Rereading an article about Nivien, I saw how easily a person with cancer could misinterpret the headline — and how I, like too many entrepreneurs, had not provided enough caveats about the potential of our work. Our strategy showed promise in mice but animal studies rarely translate into effectiveness in humans.

Still, some novel approaches do work, so it’s easy to get excited.

Raising money, recruiting great people and building a movement around your mission demands optimism, especially in failure-riddled drug development. Many biotechnologies really are revolutionary.

There’s an allure and a danger to believing in something like this, giving it your all, and convincing others to do the same while knowing the chances of success are lean. No one wants to commit to a marginal endeavor.

But employees want transparency. Investors want a fair bet. And patients want honesty. People with cancer are not one-liners for PR machines or slides for pitch decks. The philosopher Immanuel Kant wrote: “Treat humanity, whether in your own person or in the person of any other, never merely as a means to an end, but always at the same time as an end.” Now, whenever I read the latest and greatest biotech PR, I’m furious when I see oversold potential.

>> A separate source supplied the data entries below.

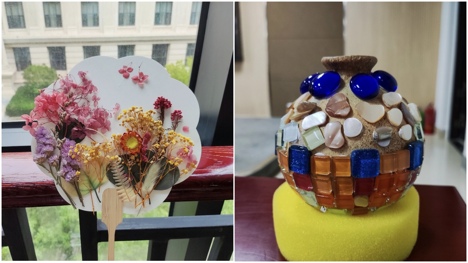 在投壶与射飞镖环节,老师们纷纷拿起手中的小箭和飞镖,准确地投向目标,每当成功时,现场都会爆发出阵阵掌声。投壶与射飞镖的每一次成功,都代表着老师们对中秋的一份祝愿。猜灯谜的区域则是智慧的展现,那些机智的谜题与答案,不仅考验着大家的知识储备,更是锻炼了思维的敏捷度。DIY团扇与DIY花瓶则是创意的天地,各位老师发挥创意,将一个个白色的团扇和花瓶变成了独一无二的艺术品,每一个作品都是对中秋佳节的独特解读。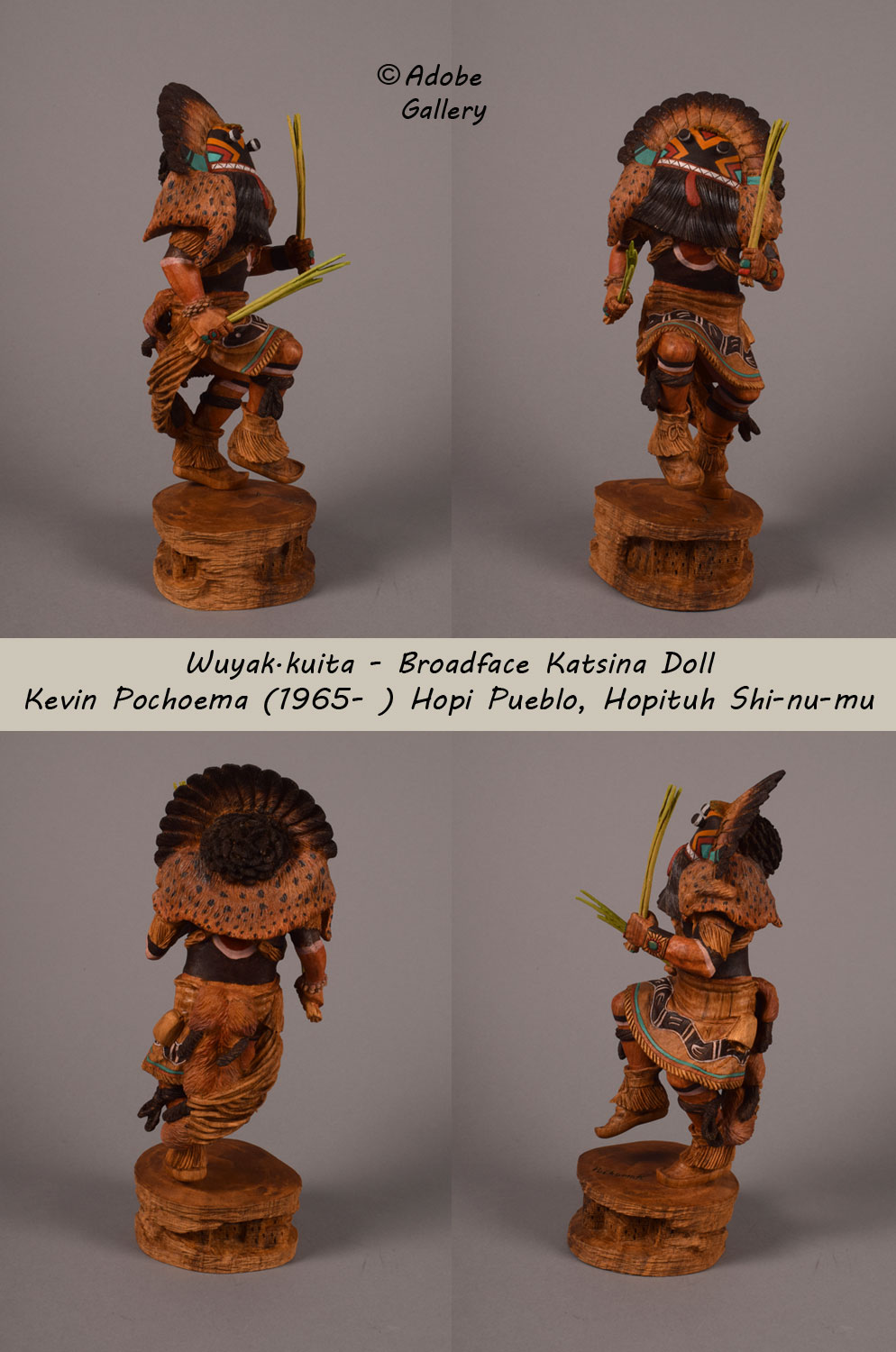 Provenance: this Hopi Wuyak·kuita - Broadface Katsina Doll by Kevin Pochoema was purchased by Adobe Gallery from Kevin Pochoema in 2018, then sold to a client from whose estate we have it back to sell again.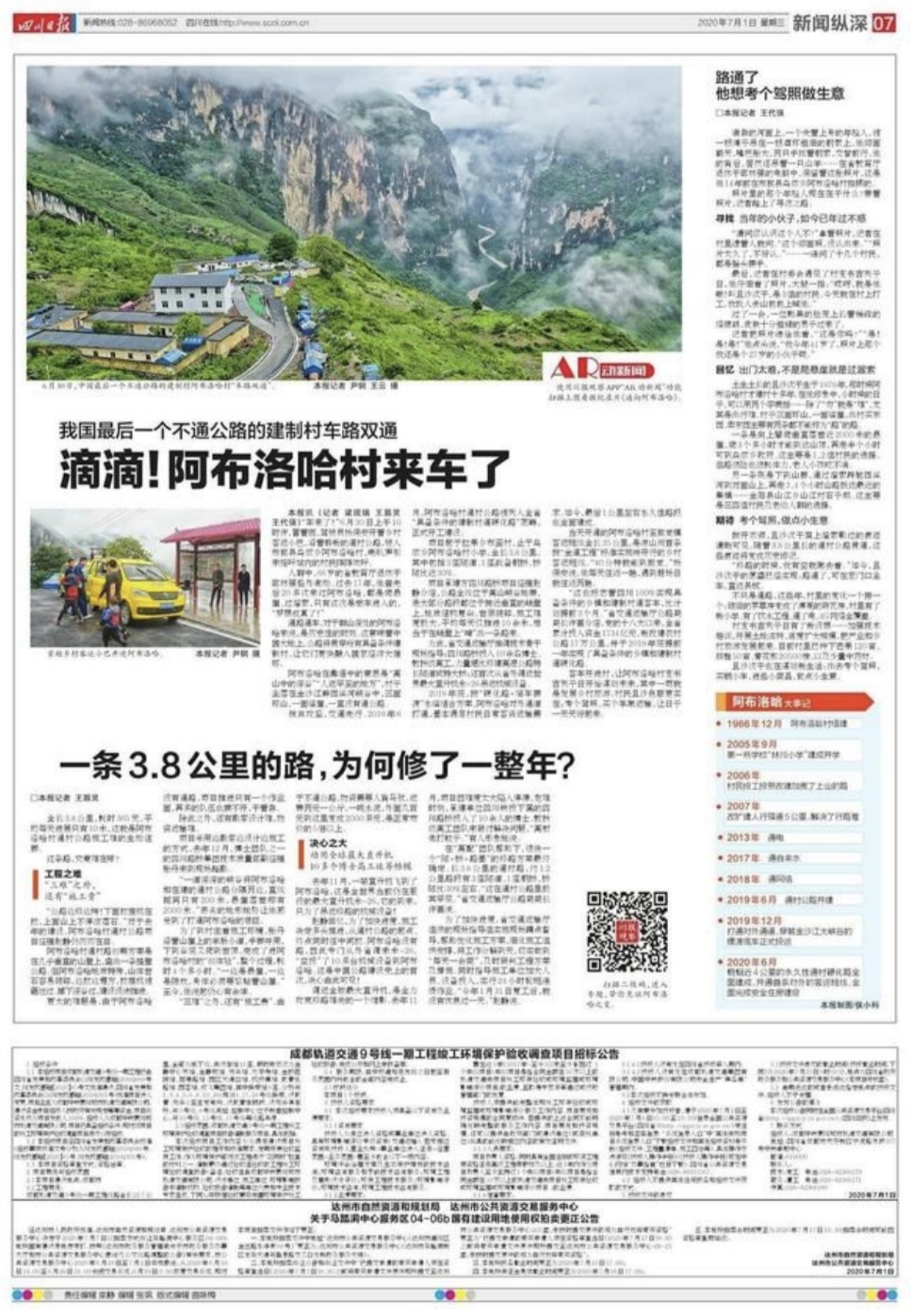 我国最后一个不通公路的建制村车路双通 滴滴!阿布洛哈村来车了 四川日报,2020-07-01,第 7 版 本报讯(记者 梁现瑞 王眉灵 王代强)“车来了!”6 月 30 日上午 10 时许, 冒着雨,驾驶员杨保安开着乡村客运小巴,沿着崭新的通村公路,驶入布拖县乌 依乡阿布洛哈村,喇叭声引来招呼站内的村民阵阵欢呼。 人群中,66 岁的省教育厅退休干部林强格外激动。过去 17 年,他曾先后 20 多次来过阿布洛哈,都是爬悬崖、过溜索,只有这次是乘车进入的,“梦想成真 了!” 通路通车,对于群山深处的阿布洛哈来说,是历史性的时刻。这意味着中国 大地上,公路将贯穿所有具备条件建制村,让它们更快融入国家经济大循环。 阿布洛哈在彝语中的意思是“高山中的深谷”“人迹罕至的地方”,村子坐落 在金沙江畔西溪河峡谷中,三面环山,一面临崖,一直没有通公路。 脱贫攻坚,交通先行。2019 年 6 月,阿布洛哈村通村公路被列入全省“具备 条件的建制村通硬化路”范畴,正式开工建设。 项目起于拉果乡布歪村,止于乌依乡阿布洛哈村小学,全长 3.8 公里,其中 包括 3 座隧道、1 座战备钢桥,桥隧比近 30%。 项目承建方四川路桥项目经理赵静介绍,公路全线位于高山峡谷地带,绝大 部分路段都位于接近垂直的峭壁上,地质结构复杂,岩层破碎,施工难度极大, 平均每天仅推进 10 余米,相当于在峭壁上“啃”出一条路来。 为此,省交通运输厅抽调技术骨干现场指导;四川路桥投入 10 余名博士、 教授级高工,力量堪比修建高速公路特长隧道或特大桥;还首次从省外调运世界 最大直升机米-26 吊运机械设备。 2019 年底,按“硬化路+缆车摆渡”永临结合方案,阿布洛哈对外通道打通, 基本满足村民日常客货运输需求。如今,最后 1 公里左右永久性路段也全面建成。 当天开通的阿布洛哈村至拖觉镇客运班线全长 35 公里,是凉山州首条按“金 通工程”标准实施并开行的乡村客运班线。“40 分钟就能到拖觉。”杨保安说,他 每天往返一趟,遇到赶场日就往返两趟。 “这也标志着四川 100%实现具备条件的乡镇和建制村通客车,比计划提前 3 个月。”省交通运输厅公路局局长许磊介绍,党的十八大以来,全省累计投入资 金 1734 亿元,新改建农村公路 17 万公里,并于 2019 年底提前一年实现了具备 条件的乡镇和建制村通硬化路。 客车开进村,让阿布洛哈村支书吉列子日开始谋划未来,其中一项就是发展 乡村旅游。村民且沙色聪更实在:考个驾照,买个车跑运输,让日子一天天好起 来。

I spent hours replying to each of the letters we received. How to express reality without savaging hope? I scoured ClinicalTrials.gov for available trials of new treatments, of which there were always too few. My responses sometimes led to exchanges that were at once inspiring and devastating.

In the end, our preclinical trials failed last summer. Inactivating Hippo-YAP did reduce the proteins protecting cancer, but the magnitude of benefit proved much less than we had hoped. Our initially positive results in mice didn’t translate into data that would save anyone.

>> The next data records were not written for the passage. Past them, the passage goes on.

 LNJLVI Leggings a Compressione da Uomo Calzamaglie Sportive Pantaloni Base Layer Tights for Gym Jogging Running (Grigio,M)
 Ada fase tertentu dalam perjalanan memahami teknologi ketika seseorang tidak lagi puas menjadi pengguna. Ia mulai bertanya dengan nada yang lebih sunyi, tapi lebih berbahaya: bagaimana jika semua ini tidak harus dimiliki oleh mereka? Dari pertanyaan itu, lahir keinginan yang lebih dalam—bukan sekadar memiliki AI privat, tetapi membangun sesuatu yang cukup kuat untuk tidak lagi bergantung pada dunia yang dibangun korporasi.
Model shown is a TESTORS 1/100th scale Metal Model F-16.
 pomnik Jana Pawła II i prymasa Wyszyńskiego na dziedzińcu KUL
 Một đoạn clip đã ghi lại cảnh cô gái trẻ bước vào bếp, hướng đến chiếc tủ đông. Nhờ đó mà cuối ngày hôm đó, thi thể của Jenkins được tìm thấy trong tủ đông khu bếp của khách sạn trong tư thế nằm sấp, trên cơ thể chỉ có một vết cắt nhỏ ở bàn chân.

Before Nivien, I’d met several people with pancreatic cancer. The father of a childhood friend set a record for survival with a certain type of the disease, dying after several years while we were in middle school. Once I left Harvard to work on Nivien, I didn’t meet a patient in person for months.

Then, during a visit home in August, my dad fell off a dock while helping his friend tie up a boat. Dad climbed out, glasses gone, and went in to dry. My girlfriend and I dove for the glasses until it got too dark to see underwater. We started talking with the skipper, whom I hadn’t met before.

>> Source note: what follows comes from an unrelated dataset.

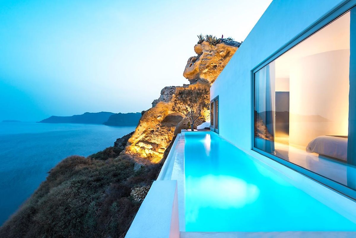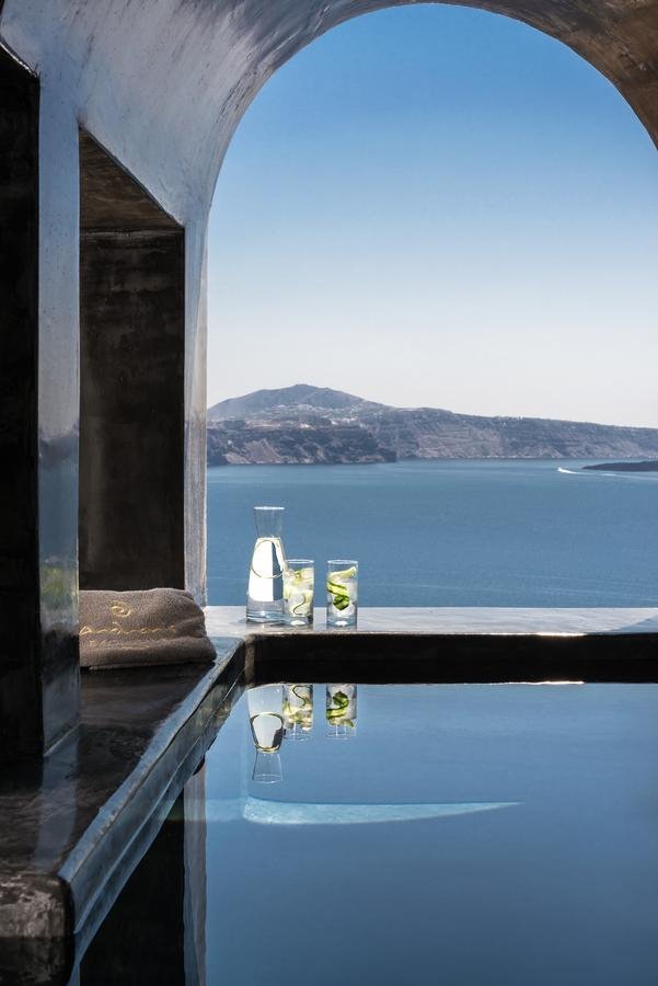 객실마다 자쿠지가 있으며 끝없이 펼쳐진 에게해와 칼데라 뷰 전망을 자랑한답니다. 가장 아름다운 일몰을 감상할 수 있는 호텔로 특히 허니무너들에게 강력 추천합니다.

He was tanned and fit. He also had late-stage pancreatic cancer. He’d heard about Nivien and wanted to learn more. I told him we were in a tough spot, explaining our results. Not as tough as his, I thought. He took the news about our data well — much better than I had. We invited him to join us for a hot dinner. He said he needed to move his boat to the lagoon before full dark, but that he’d call us after.

He didn’t come over for dinner. For months, I didn’t know if he was still alive. Then we saw each other again at the end of last year: He’d joined a clinical trial testing two immunotherapies and seems better off than many.

Now, when I email newly announced trials to the people who’d written us, and they don’t reply, is it because they’re too busy, too sick or already found a study? It’s seldom because they got better. Is it because they’re already dead?

Two years after starting Nivien, I told our investors we were done, helped our scientists find new jobs and returned to Harvard to finish my degree in molecular and cellular biology. Back at college I received one last message, a single line in an email: “My Dad has pancreatic cancer. Is there any way I can invest in your company as a private individual?”

The writer’s dad, it turned out, was only a couple years older than my own father.

I didn’t expect this outcome when we started Nivien. We wanted to build the next Genentech. We also knew from the start that defeat was the likely outcome. Nineteen in 20 drugs fail — after first-in-human trials.

Still, I’m proud of our work; that we took the shot. We developed the first molecules against a novel therapeutic target, broke new ground in the chemistry and biology of a key biochemical system and did it faster than industry standards despite our initial inexperience.

We ran the go/no-go experiment and the results were negative. No go. In this field unfortunately, that’s how it goes.